What Alva Noƫ is hinting at is the flaw with weak or pseudo-intelligence, as Alva calls it. As impressive as deep blue is with chess, or Watson with Jeopardy, they fail the "goals across a wide range of environments" test. This is clear with deep blue, and Watson once you realize it's just a glorified search engine.

I often hear people claim Watson learns because it improves based on the answer in the category. While it does use previous answers to tweak the final ranking algorithm. All of this is lost once the category is finished. To really "teach" Watson, you need to add more data to its index and re-index offline.

We have a workable definition of intelligence. What we're missing is a fundamental primitive unit of strong AI. Until this is found, AI will always remain just a bag of tricks, only capable of solving problems its programmers planner for.

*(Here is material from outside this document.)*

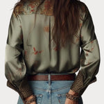 Cathrine | Σατέν Λουλουδάτο Πουκάμισο Με Λεοπάρ Τελειώματα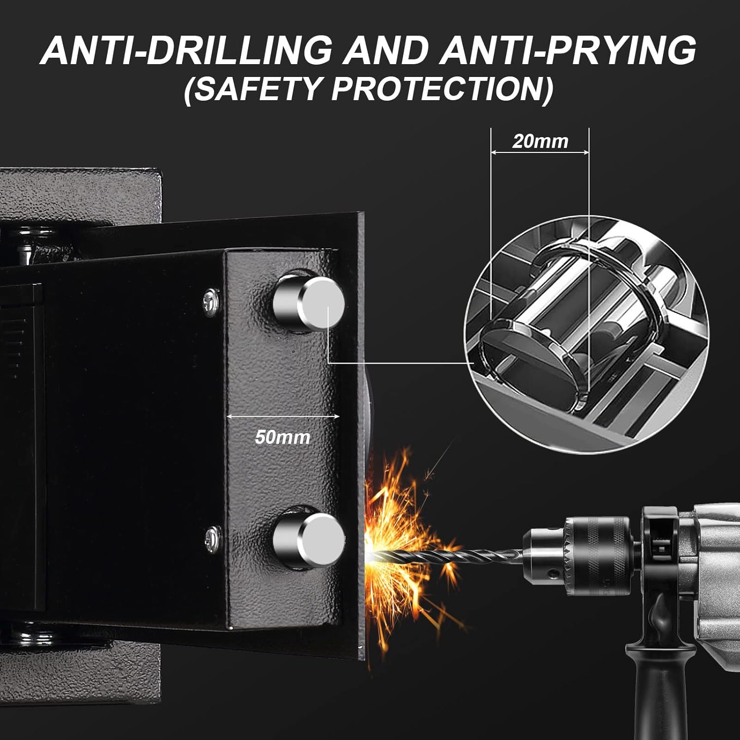 - ✅STRONGER MATERIAL: TENAMIC mini safe box is made of the better solid steel, the surface has anti-corrosion and anti-wear powder coating. This security safe has a pry-resistant steel door and concealed pry-resistant hinges to offer you complete peace of mind. It ensures that your cabinet safe is stronger and more durable. If necessary, you can fix it on the wall or the ground.

[1] https://www.youtube.com/watch?v=V6umr1OP8uo

1 comments

There's still a huge dearth of rigor in defining both the width of a range of environments, the degree of success in achieving goals, and the significance of various goals. I'll expound briefly on the first. Who is to say that the range of "environments" a chess supercomputer faces is narrower than the environments a human faces? Obviously, we intuit our range of environments to be wider, but can we explain why rigorously?
It's more than intuition. Both chess and jeopardy are subsets of the human environment. Watson couldn't handle tic-tac-toe, never-mind chess. Change one rule of chess, and human could cope but Deep Blue would need to be rewritten.